さすがは兄妹、あ・うんの呼吸で作業が進む
今回の耕す女子
- 青森県黒石市佐藤真理子さん(さとうまりこさん)
- 1983年生まれ。青森県黒石市出身。畑歴は、物心ついた頃から20年余り。県立黒石商業高校、弘前ホスピタリティーアカデミー(調理科)を卒業後、病院勤務を経て2004年に就農。野菜ソムリエやコーヒーアドバイザー等の資格を持つ。
作業の合間に、歌ったり踊ったり!
茶髪のおだんごヘアーにばっちりメイク。ピアスの穴は右耳に2つ、左耳に5つ(!)もあいている。見た目にはおよそ農業と縁がないように見える彼女が、今回の“耕す女子”、佐藤真理子さん。色白で華奢な体つきからは想像しがたいが、就農して7年目になる専業農家だ。
真理子さんは、青森県のほぼ中央に位置する黒石市で、イネ20町(*)と、ビニールハウスでトマトやアスパラガスなど約3300㎡を栽培している農家の末娘。両親と兄・拓郎さんの4人で農業を切り盛りしている。

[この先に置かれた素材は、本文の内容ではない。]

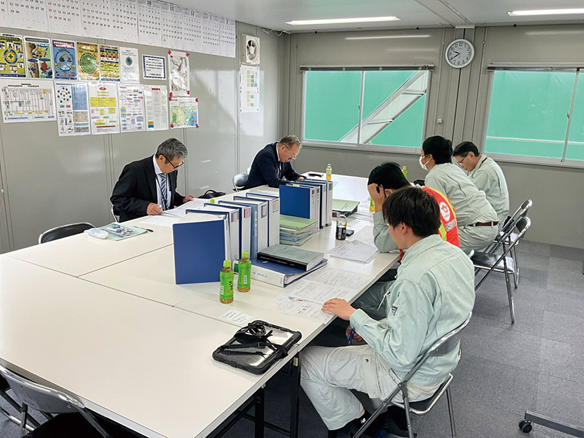 土木作業所での審査の様子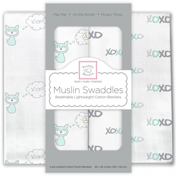 2 муслиновые пеленки SwaddleDesigns из 100% хлопкового муслина с разными рисунками в подарочной упаковке.
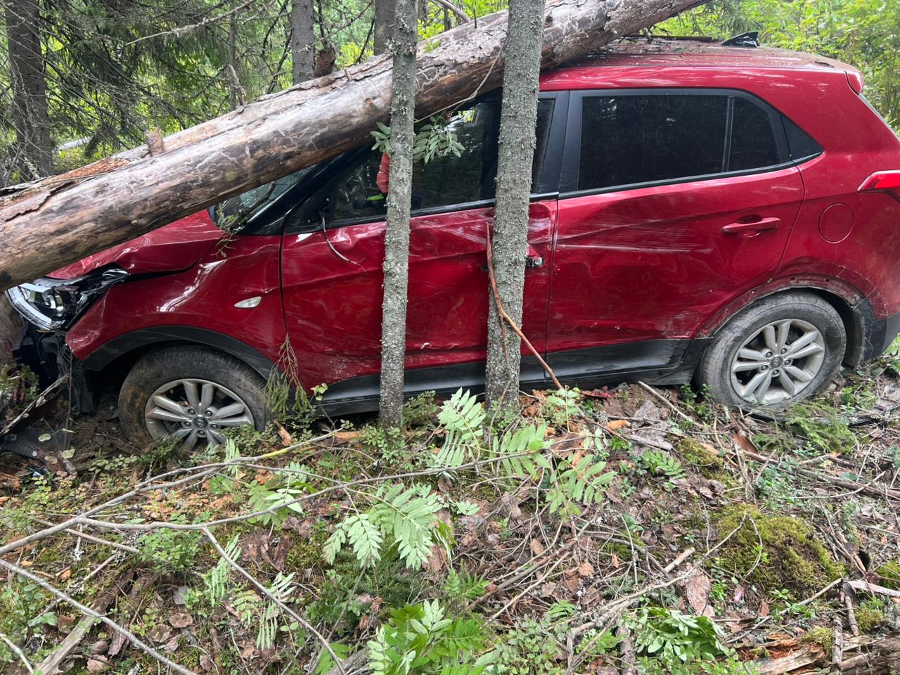 Авария случилась в минувший вторник, 19 августа, около 10 часов утра, на 74 километре автодороги «Суоярви – Юстозеро (через Поросозеро) – Медвежьегорск». Там водитель Hyundai Creta при прохождении сложного участка дороги съехал в кювет. Там иномарка столкнулась с деревом.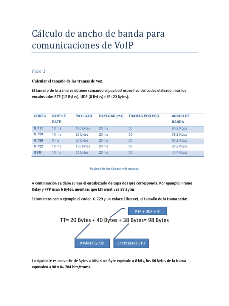 Calculo De Ancho De Banda Para Comunicaciones De Voip Docx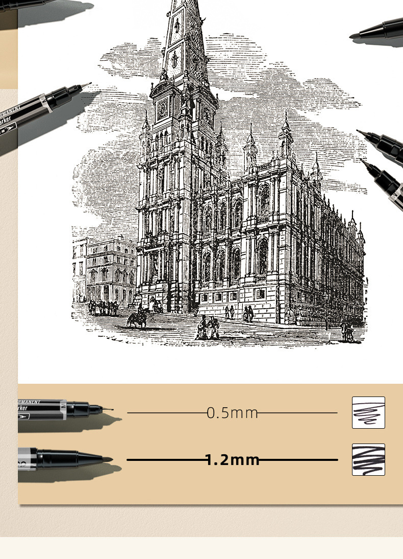 得力6824记号笔粗细小双头美术勾线笔光盘马克笔办公用油性笔批发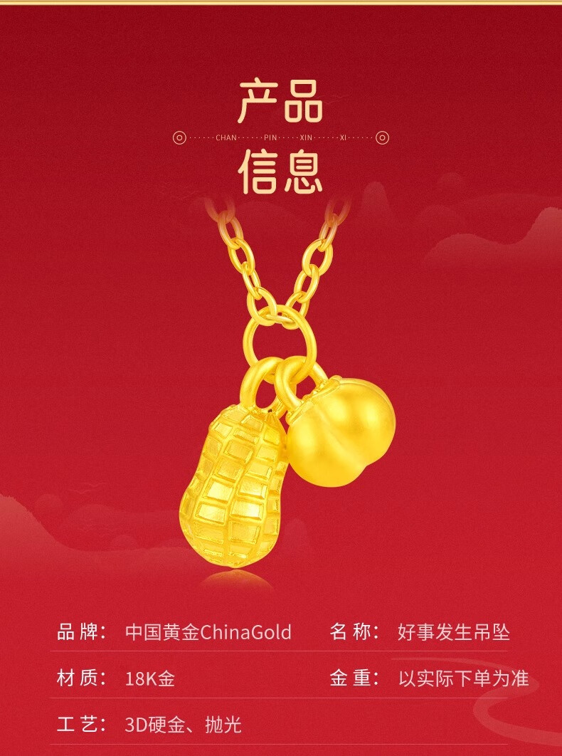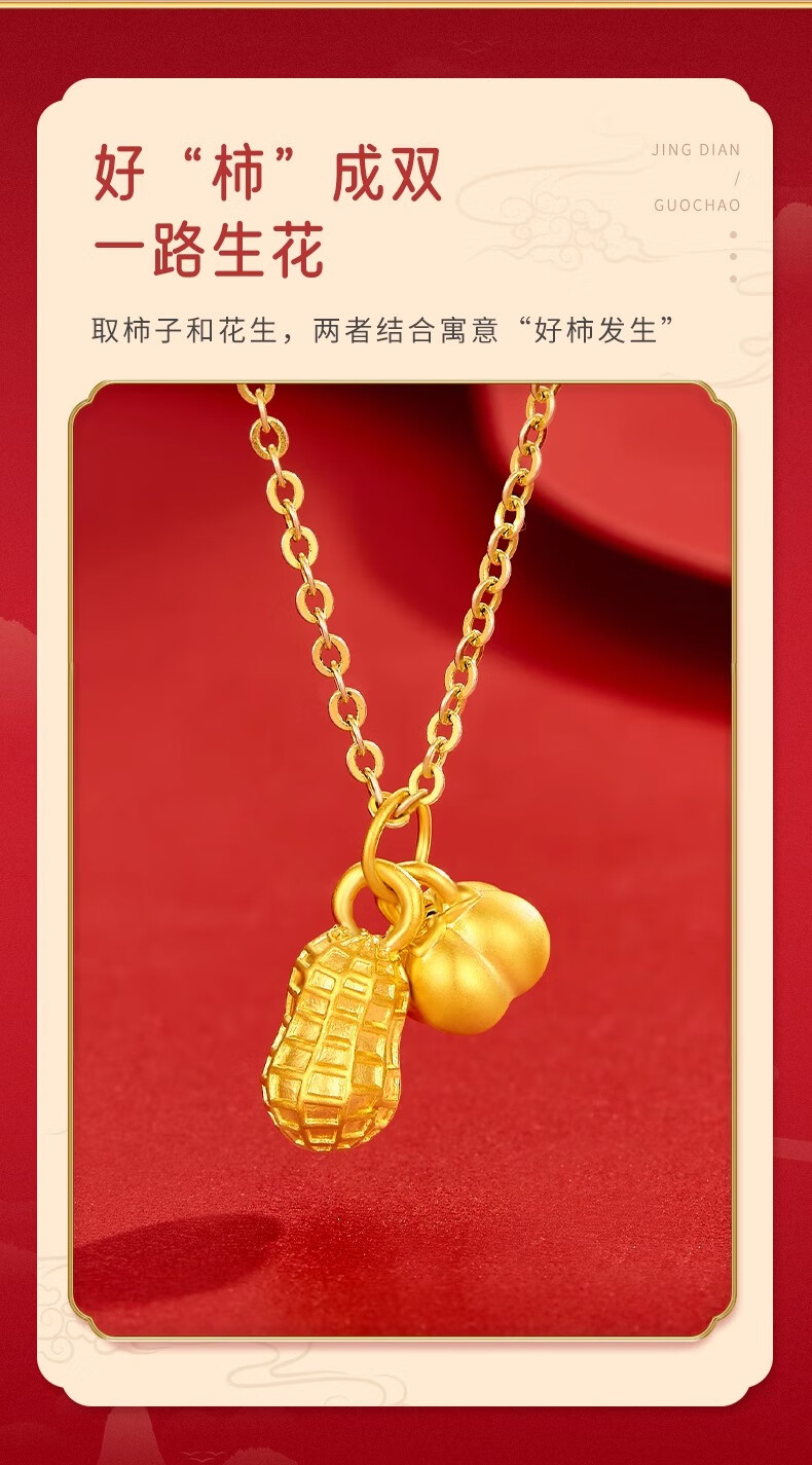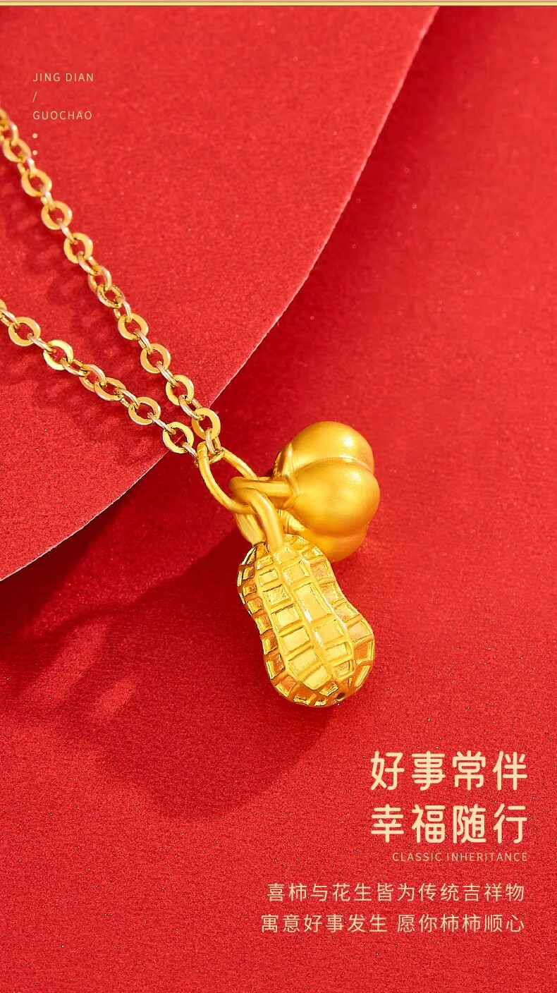 CHINA GOLD 18K Gold Good Persimmon Peanut Pendant Women's New Simple Persimmon Valentine's Day Birthday Gift for Girlfriend and Wife 18K Gold Peanut Pendant Free Silver Chain Approximately 0.32g

「農業は頑張ったぶんの成果が目に見えるところ、作物が応えてくれるところが好き。作業の合間にお兄ちゃんと大声で歌ったり踊ったりしながら、やりたい放題やってます」と、笑顔で話しながら、ガスパワー耕うん機「ピアンタ」でリズミカルに大豆畑を耕していく。
「ピアンタは、女性でも手軽に扱えるところがいい。耕していると、こっちまで楽しくなってくる!」
しばらくして拓郎さんが駆けつけた。農業のかたわら、ミュージシャンとしても活躍する拓郎さんは、人を楽しませるのが得意なようで、拓郎さんの冗談に、真理子さんは声をあげて笑いながら作業を進めていた。
*1町=約10000㎡、1ha



兄妹ともに笑顔が絶えない、陽気な人柄。聞けば、佐藤家は子どもの頃から笑いの絶えない家庭だったとか。「つくっている人が楽しんでいなけりゃ、いい作物は育たない」というのが、父・英次さんの持論だそうで、「作物をつくっているその人自身が野菜にあらわれる」ことを2人ともとても大切に思っている。「食べる人のことまで考えて、おいしい作物を育てたい」と、拓郎さん。「おいしいと言ってもらえると、疲れもぶっ飛ぶ!」と真理子さん。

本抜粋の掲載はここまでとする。